#### THE DATA ####

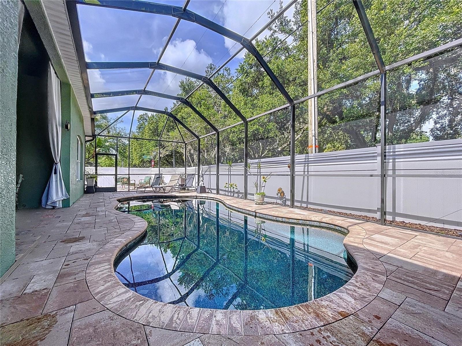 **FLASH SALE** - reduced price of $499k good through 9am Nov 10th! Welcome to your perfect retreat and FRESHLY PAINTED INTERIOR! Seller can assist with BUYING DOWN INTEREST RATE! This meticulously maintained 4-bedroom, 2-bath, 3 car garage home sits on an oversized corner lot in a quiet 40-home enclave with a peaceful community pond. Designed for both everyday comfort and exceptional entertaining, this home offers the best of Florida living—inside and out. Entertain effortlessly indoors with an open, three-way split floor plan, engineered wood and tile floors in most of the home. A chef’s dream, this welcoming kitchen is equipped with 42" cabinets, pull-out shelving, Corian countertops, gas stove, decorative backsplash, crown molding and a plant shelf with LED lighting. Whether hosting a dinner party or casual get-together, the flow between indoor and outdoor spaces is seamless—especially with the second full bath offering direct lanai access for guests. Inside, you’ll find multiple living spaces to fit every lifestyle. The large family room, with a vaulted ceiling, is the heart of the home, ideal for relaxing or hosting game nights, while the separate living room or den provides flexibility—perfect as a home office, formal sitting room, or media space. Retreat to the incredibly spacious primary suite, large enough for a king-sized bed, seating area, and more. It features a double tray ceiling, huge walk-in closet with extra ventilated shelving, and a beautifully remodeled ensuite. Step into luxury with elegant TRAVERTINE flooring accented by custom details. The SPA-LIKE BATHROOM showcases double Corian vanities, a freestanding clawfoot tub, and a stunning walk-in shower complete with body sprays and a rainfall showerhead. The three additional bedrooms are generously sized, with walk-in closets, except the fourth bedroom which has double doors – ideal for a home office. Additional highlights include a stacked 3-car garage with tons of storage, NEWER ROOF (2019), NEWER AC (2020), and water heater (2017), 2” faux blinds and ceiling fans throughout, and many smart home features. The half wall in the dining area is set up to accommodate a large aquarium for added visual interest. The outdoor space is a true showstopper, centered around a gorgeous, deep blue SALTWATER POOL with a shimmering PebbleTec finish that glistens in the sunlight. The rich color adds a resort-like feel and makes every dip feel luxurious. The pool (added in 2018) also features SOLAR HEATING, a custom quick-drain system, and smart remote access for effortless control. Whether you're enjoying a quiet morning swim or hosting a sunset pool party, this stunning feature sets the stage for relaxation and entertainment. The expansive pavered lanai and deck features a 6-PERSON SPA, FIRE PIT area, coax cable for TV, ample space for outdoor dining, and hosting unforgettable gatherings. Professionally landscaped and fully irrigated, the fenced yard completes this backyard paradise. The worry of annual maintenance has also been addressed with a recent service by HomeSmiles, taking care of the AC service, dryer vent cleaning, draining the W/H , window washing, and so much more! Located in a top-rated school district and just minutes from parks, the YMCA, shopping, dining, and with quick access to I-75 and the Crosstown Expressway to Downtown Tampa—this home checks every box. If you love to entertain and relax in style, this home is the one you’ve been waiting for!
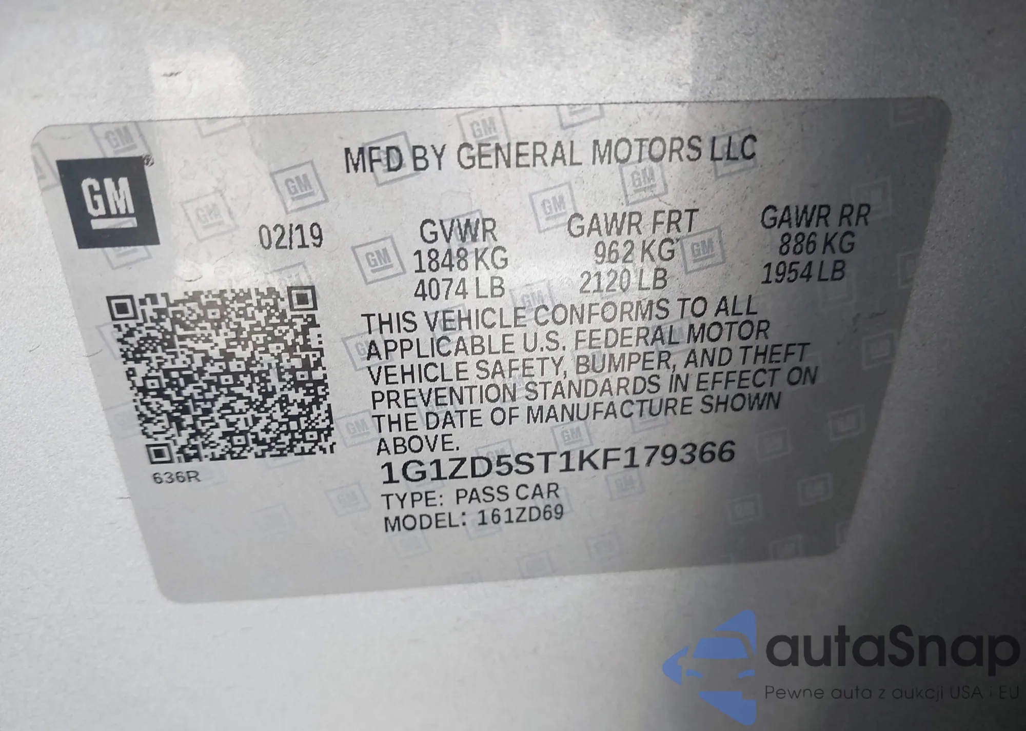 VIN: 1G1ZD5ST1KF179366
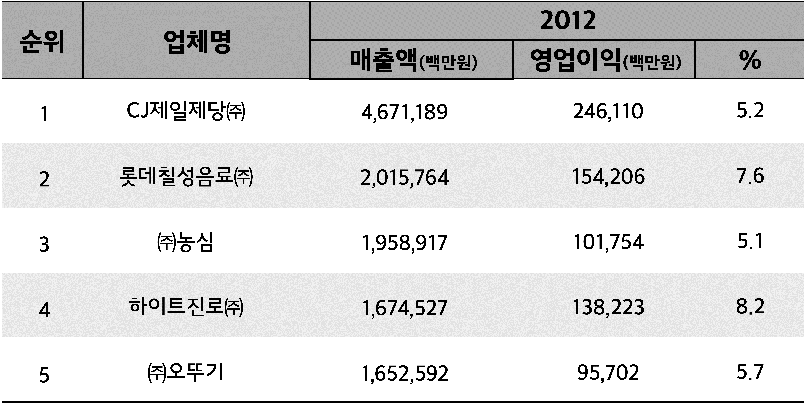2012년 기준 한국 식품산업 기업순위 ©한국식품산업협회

####

YOUR ASSIGNMENT
Copy the material verbatim. The pictures are not part of the copy.

PROBLEM SOLUTION
 **FLASH SALE** - reduced price of $499k good through 9am Nov 10th! Welcome to your perfect retreat and FRESHLY PAINTED INTERIOR! Seller can assist with BUYING DOWN INTEREST RATE! This meticulously maintained 4-bedroom, 2-bath, 3 car garage home sits on an oversized corner lot in a quiet 40-home enclave with a peaceful community pond. Designed for both everyday comfort and exceptional entertaining, this home offers the best of Florida living—inside and out. Entertain effortlessly indoors with an open, three-way split floor plan, engineered wood and tile floors in most of the home. A chef’s dream, this welcoming kitchen is equipped with 42" cabinets, pull-out shelving, Corian countertops, gas stove, decorative backsplash, crown molding and a plant shelf with LED lighting. Whether hosting a dinner party or casual get-together, the flow between indoor and outdoor spaces is seamless—especially with the second full bath offering direct lanai access for guests. Inside, you’ll find multiple living spaces to fit every lifestyle. The large family room, with a vaulted ceiling, is the heart of the home, ideal for relaxing or hosting game nights, while the separate living room or den provides flexibility—perfect as a home office, formal sitting room, or media space. Retreat to the incredibly spacious primary suite, large enough for a king-sized bed, seating area, and more. It features a double tray ceiling, huge walk-in closet with extra ventilated shelving, and a beautifully remodeled ensuite. Step into luxury with elegant TRAVERTINE flooring accented by custom details. The SPA-LIKE BATHROOM showcases double Corian vanities, a freestanding clawfoot tub, and a stunning walk-in shower complete with body sprays and a rainfall showerhead. The three additional bedrooms are generously sized, with walk-in closets, except the fourth bedroom which has double doors – ideal for a home office. Additional highlights include a stacked 3-car garage with tons of storage, NEWER ROOF (2019), NEWER AC (2020), and water heater (2017), 2” faux blinds and ceiling fans throughout, and many smart home features. The half wall in the dining area is set up to accommodate a large aquarium for added visual interest. The outdoor space is a true showstopper, centered around a gorgeous, deep blue SALTWATER POOL with a shimmering PebbleTec finish that glistens in the sunlight. The rich color adds a resort-like feel and makes every dip feel luxurious. The pool (added in 2018) also features SOLAR HEATING, a custom quick-drain system, and smart remote access for effortless control. Whether you're enjoying a quiet morning swim or hosting a sunset pool party, this stunning feature sets the stage for relaxation and entertainment. The expansive pavered lanai and deck features a 6-PERSON SPA, FIRE PIT area, coax cable for TV, ample space for outdoor dining, and hosting unforgettable gatherings. Professionally landscaped and fully irrigated, the fenced yard completes this backyard paradise. The worry of annual maintenance has also been addressed with a recent service by HomeSmiles, taking care of the AC service, dryer vent cleaning, draining the W/H , window washing, and so much more! Located in a top-rated school district and just minutes from parks, the YMCA, shopping, dining, and with quick access to I-75 and the Crosstown Expressway to Downtown Tampa—this home checks every box. If you love to entertain and relax in style, this home is the one you’ve been waiting for!
 VIN: 1G1ZD5ST1KF179366
2012년 기준 한국 식품산업 기업순위 ©한국식품산업협회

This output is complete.